True, except that they made the decision almost a year before the surge began, and they had far less help than the year next. What Obama said is correct, and it has been clear for some time that McCain is clearly not the expert he claims to be, and has far less knowledge than Obama of, what’s that word — yes! — facts!

Pragamatist
Pragamatist
12 years ago

Or, as many observers have noted, the military’s policy of paying the Sunnis to fight al-Qaida resulted in the Anbar Awakening. No doubt, the soon to be deployed surge played a major role, but it was hardly the only factor. Why is Obama’s nuanced view of the mulitple factors that likely cause a complicated effect like reduced violence so troubling for you?
Is it that you prefer McCain’s simple explanation of more troops, end of story? That seems a very naive view of how the world works in complicated situations. But all of this surge debate is really a side show.
The debate should be about the decision to start this war in the first place. On that, the two candidates’ positions are clear. And on that point, the American people overwhelmingly support Obama. So it is no surprise that McCain focuses not on that point, but on the “surge”.
As for the other relevant question — what to do now — it seems that McCain (and Maliki, and Bush) now agrees with Obama that a withdrawal in the coming year or so is reasonable. Seems like Obama was right on the two questions that matter the most.

OldTimeLefty
12 years ago

A hearty second to johng and Pragmatist. Justin, you keep looking at only a piece of the situation, and not surprisingly, only the piece that you like. If you had any integrity you’d present the full, or at least a fuller picture. Couple this with your pic of Obama with a cigarette in his mouth and then your recant or admission to disguising the truth. Lie (prevaricate, exaggerate) to make a point and then recant. What a cheap trick! It only goes to show that you have no real argument to make. Give us a little Sgt. Friday and just stick to the facts.
OldTimeLefty

David
David
12 years ago

There are beneficiaries of $4 gasoline that we Americans may want to consider and see as the proverbial gift horse. Iraq , with newfound wealth from soaring oil prices, is showing signs of stabilization.

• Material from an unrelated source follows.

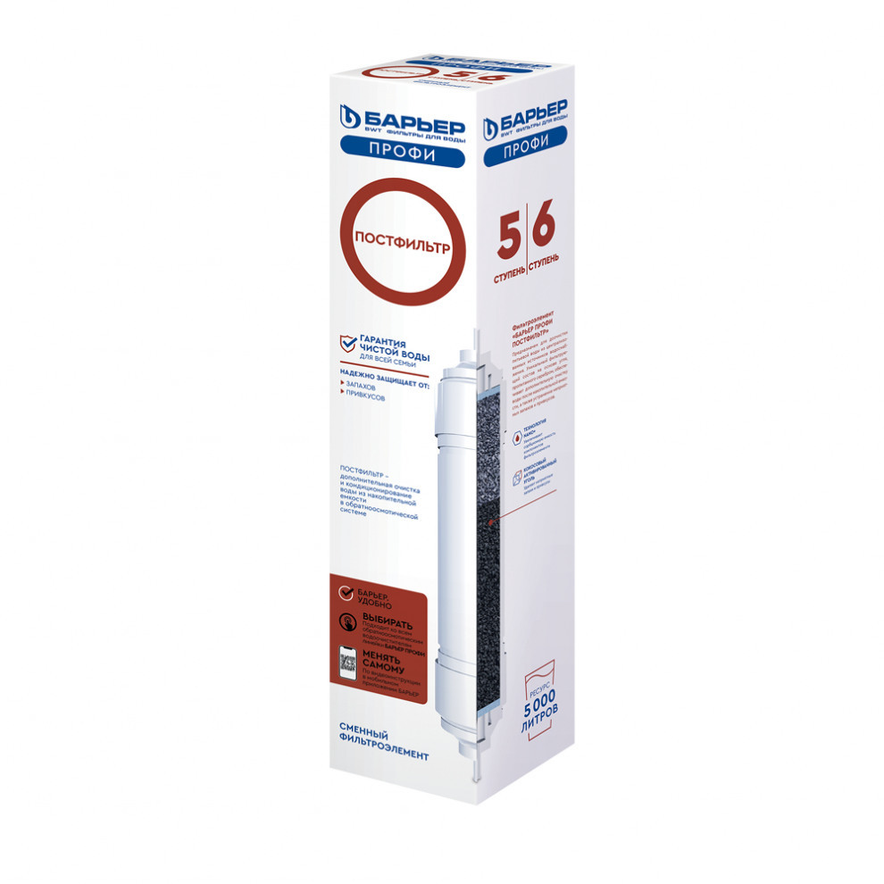 Картридж Барьер ПРОФИ Постфильтр 5-я ступень входит в систему для очистки воды методом обратного осмоса Профи Осмо и кондиционирует воду после прохождения накопительной емкости. В итоге вы получаете воду для питья и приготовления пищи, которая не уступает по своим характеристикам бутилированной.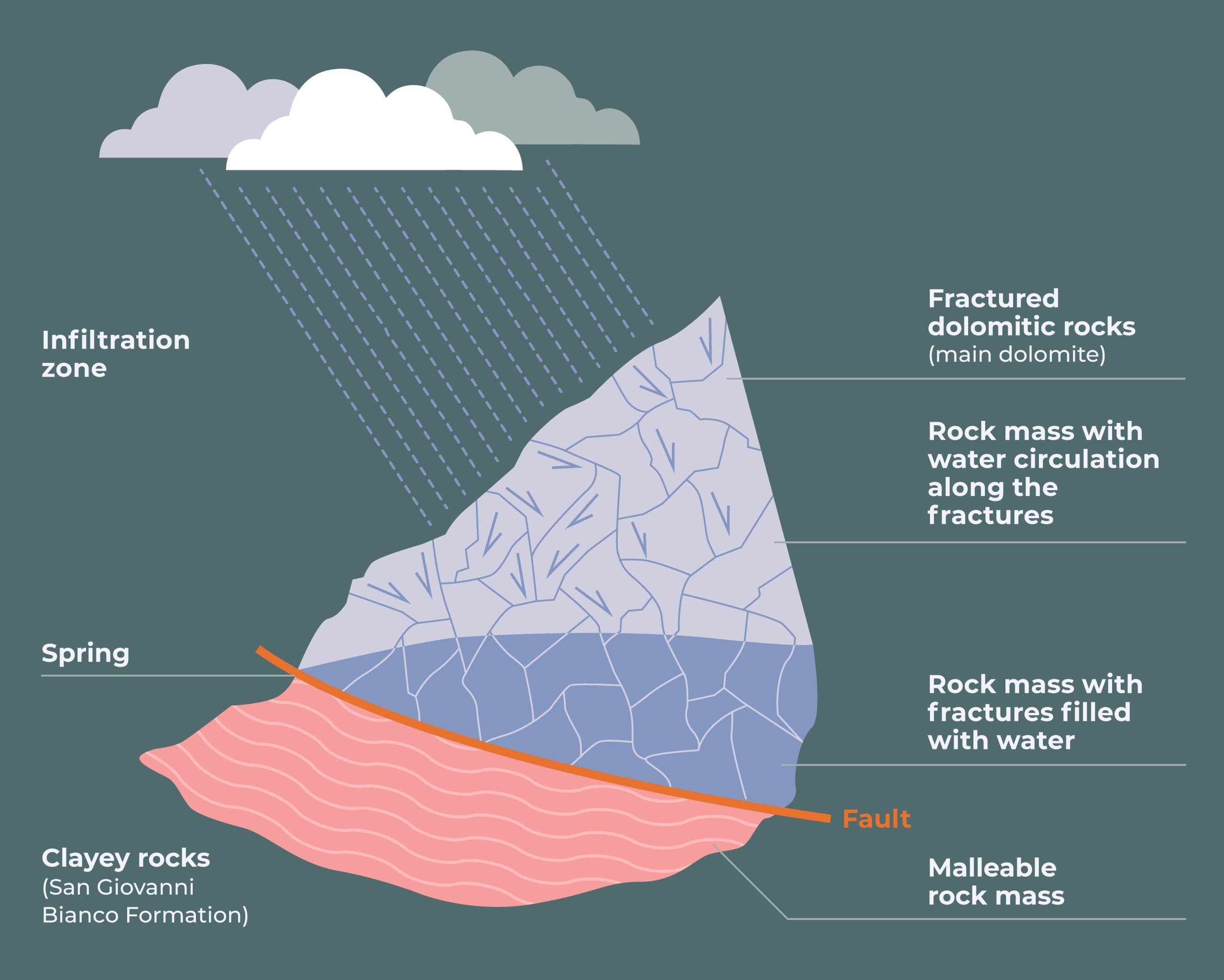 Diagram of springs origin – The presence of living beings (both animals and plants) in a given territory is closely linked to the availability of water. In the area of Piani d’Erna, the presence of water has allowed the development of dense vegetation and rich pastures. In addition to the Pesciola spring, other springs are widespread along the Nature hiking Trail.

Iraqi citizens, through no fault of their own, have endured a hellish life of war, violence, and deprivation. Finally they are seeing some improvements in the most basic of human needs. The Iraqi government, with its new oil wealth, has begun asserting itself with its neighbors like Iran and also with the US . Could this presage an end to American military involvement in Iraq ? A stronger and wealthier Iraq could be a major factor in regional politics, and, in doing so would aid American interests. Not the narrow agenda of the present administration but the wider interests of the American people. Recent reports that the major western oil companies have signed agreements with Iraq confirm the fact that $4 or maybe $5 gas is the inevitable price for peace.
I don’t think the surge had much to do with the present situation. The solution in Iraq was always going to be political- ie local- maybe corrupt- incomplete.

Richard
Richard
12 years ago

Must reading on Iraq, the surge, and the meaning of everything. It is from the Los Angeles Times, so some of you might want to get out whatever it is you use to ward off evil (liberal)spirits. You could put Fox News on in the background! But please read, and reconsider your knee-jerkedness. Because too many have died for too little. Yes, what follows are 2 different points of view! Yes, you are still reading Anchor Rising! DUST-UP Are we winning in Iraq? David B. Rivkin says all signs point to a dramatic turnaround for U.S. forces. Joseph Cirincione says the war has been among the greatest disasters in U.S. history. July 28, 2008 Today’s question: Violence in Iraq has dropped sharply. Can we finally say we’re winning the war? Under what circumstances can the U.S. declare victory? All week, Rivkin and Cirincione debate Iraq, unilateral war and more. The U.S. can win, but Iraq isn’t the only battlefield Point: David B. Rivkin The situation in Iraq has improved dramatically as a result of the surge, innovative counterinsurgency tactics and improved outreach by U.S. forces to local elites. The level of violence is drastically reduced, and so is the U.S. casualty rate. Al Qaeda in Iraq is reeling. Its leadership has been decimated; its ability to mount major operations has been considerably reduced; and, according to Al Qaeda’s own internal communications, the terrorist organization is having serious trouble attracting and motivating new recruits. Further, Al Qaeda’s plans to create a state in Iraq’s Sunni heartland are in shambles, and its reputation for prowess in the jihad has suffered. That so many of Iraq’s Sunni tribes have allied themselves with U.S. forces in a movement dubbed the “Sunni Awakening” strikes a particularly severe blow to Al Qaeda’s attempt to pose as… Read more »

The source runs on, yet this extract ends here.